When's the IPO? But but but we're a knowledge service, we're here to help humanity. Where's my return? When do I get a 1,000% return on my $10m? But but but we're a knowledge service, we just want to spread knowledge for the betterment of all. Breaking news, July 2024: Golden purchased by Verizon Media [insert big corporate swamp monster here] for $586 million in a fire sale. July 2026, Verizon Media quietly buries Golden.
Andreessen in particular seems bent on driving as many interesting knowledge concepts into the ground as he can. His magic knowledge service touch was all over Rap Genius as well (with dreams of annotate-everything going back to the Netscape days [1]).
There hasn't been a single prominent knowledge service in the history of the Web that has escaped destruction once they've taken big venture capital, except for Stack Exchange and they're starting to teeter on the edge where the owners start to push it in a way that begins the rolling corruption phase (with Stack that inevitable process was delayed for a long time by the influence of its founders and the decisions they made, but eventually papa VC wants his fat return).
The only for-profit knowledge services that survive with their soul intact, are slim independent operations like wikiHow that are not commanded by venture capital and the never-ending need to force an exit.
[1] https://genius.com/Marc-andreessen-why-andreessen-horowitz-i...
"But that's just the start. It turns out that Rap Genius has a much bigger idea and a much broader mission than that.

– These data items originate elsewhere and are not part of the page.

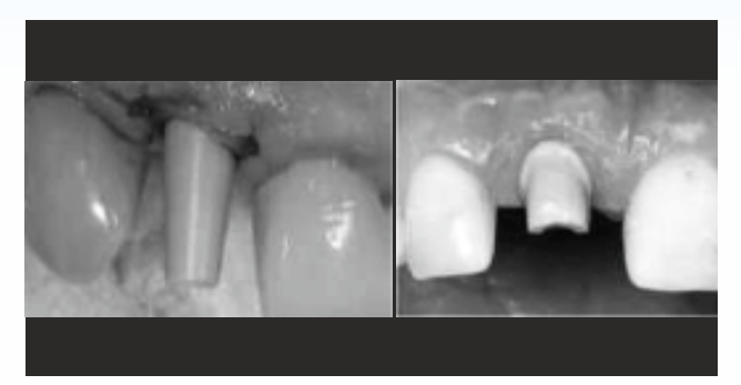
Figure -2 PEEK as abutment

the PEEK implant surface, studies have been made on hydroxyapatite (HA) coating. Promising results have been obtained from PEEK implants coated with HA in comparison with non-coated PEEK implants<sup>14</sup>. When current research is examined, it can be seen that there are still no long-term studies of the efficacy of this material on patients. Therefore, PEEK implants are not widely used clinically.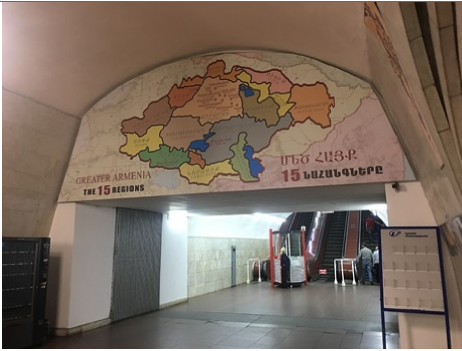
A map in a Yerevan metro station, displaying the territories of Azerbaijan, Turkey, Georgia, and Iran as part of a Great Armenia.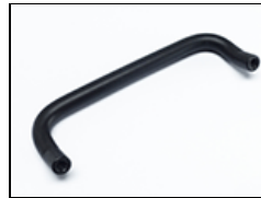
2250011 Handle D Offset 3" x 1" 6-32 Int Blk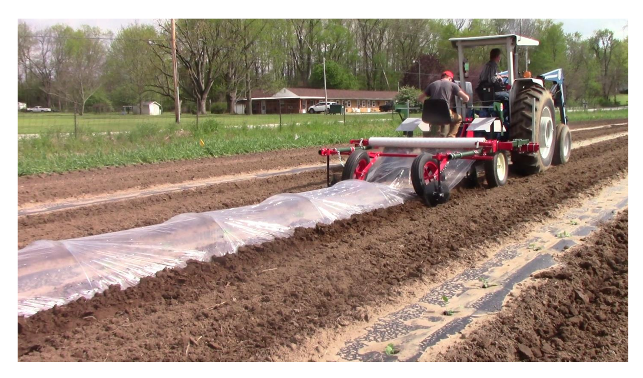
Figure 1. Low tunnel covered with 1 mil perforated row cover was installed using a mechanical transplanter low tunnel layer on 24 Apr. 2020.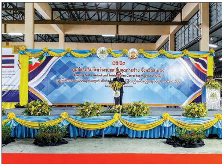
Union Minister U Thein Swe addresses a meeting with migrant worker assistance groups in Bangkok on 22 September.

At the meeting, the Union Minister spoke of his gratitude and appreciation to the worker assistance groups for taking care of Myanmar workers and families in Thailand, requirement to conduct matters according to the law of the relevant country, five embassy officials in Thailand being ready to assist where necessary and Myanmar workers in the past crossing the border illegally and being exploited, trafficked and forced to work. He then said that, at present, workers were being sent under an MoU system that protects and provides full rights. The situation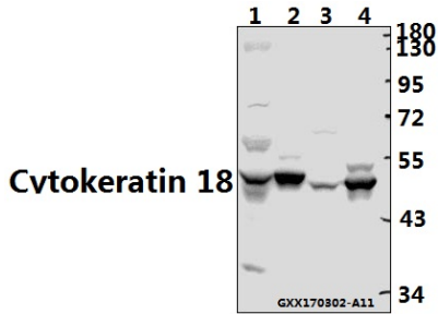
Western blot (WB) analysis of Cytokeratin 18 (T410) polyclonal antibody at 1:500 dilution Lane1:The Liver tissue lysate of Rat(40ug) Lane2:AML-12 whole cell lysate(20ug) Lane3:HEK293T whole cell lysate(40ug) Lane4:HCT116 whole cell lysate(20ug)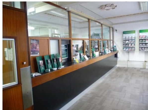
Existing Banking Hall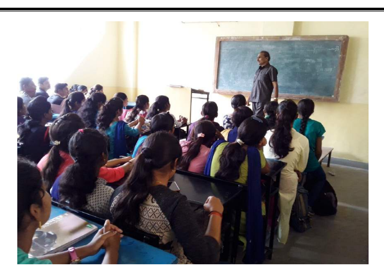
EYE Checkup Camp by Commerce Department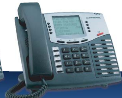
8660 IP Executive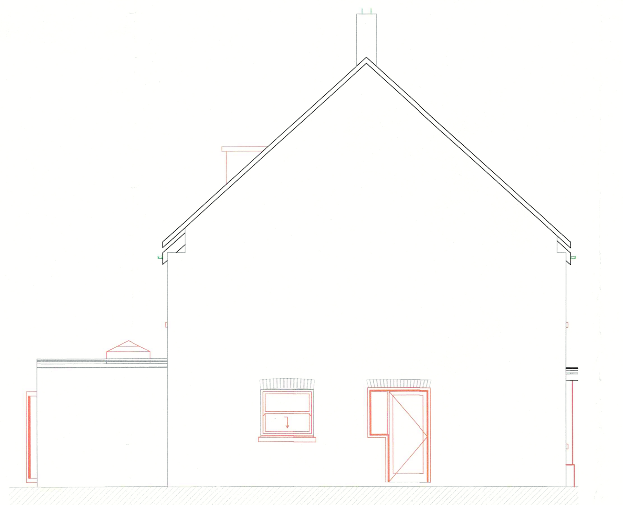
E-1204 1 and 2 West Elevation 1:50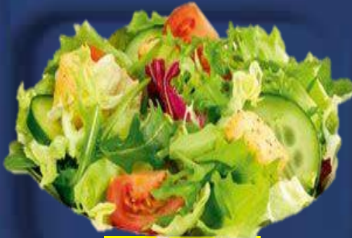
1 cup Veg.

Which is: Generalize out to many other categories of text... annotate the world... be the knowledge about the knowledge... create the Internet Talmud."
"Back in 1993, when Eric Bina and I were first building Mosaic, it seemed obvious to us that users would want to annotate all text on the web"
Bullshit.
But all that being said, there's always at least a chance that the organization somehow bucks the trend. Or, even if the organization eventually becomes dominated by the profit motive in the long run, that's not to say that it won't build really beneficial things before that happens. Freebase eventually sold and stopped maintaining it, but it built a free database that anyone in the world could use (and still could use). It pioneered a concept. I don't know what Rap Genius is up to these days, but I thought their annotations ux was really innovative and I'm sure pioneered a whole lot of other sites. So even if an organization's mission eventually takes a back seat to profit, it can create ton of value along the way.
Personally I find this startup very interesting and am excited to see where they go.
I agree about the corrupting influence of VC. The following isn't a super popular opinion on HN lately, but this is exactly why I've been a believer in Medium since they launched their subscription service. It's the rare startup where I could see their financial incentives and also think those incentives would be good for me as a reader. They made the knowledge the product and removed the incentive to use the knowledge as a sales pitch for some other product, i.e. content marketing. And they have to constantly push for articles that qualify as subscription worthy. That means focus on quality. I don't think they've tipped over yet, but what I've seen so far is that the more subscribers Medium gets the more they spend to get better and better articles. And as the payouts to authors get better, better authors come on board.
If Golden had a harder-to-type domain name, would they get the same level of momentum and SEO juice?
Is there is any data on this?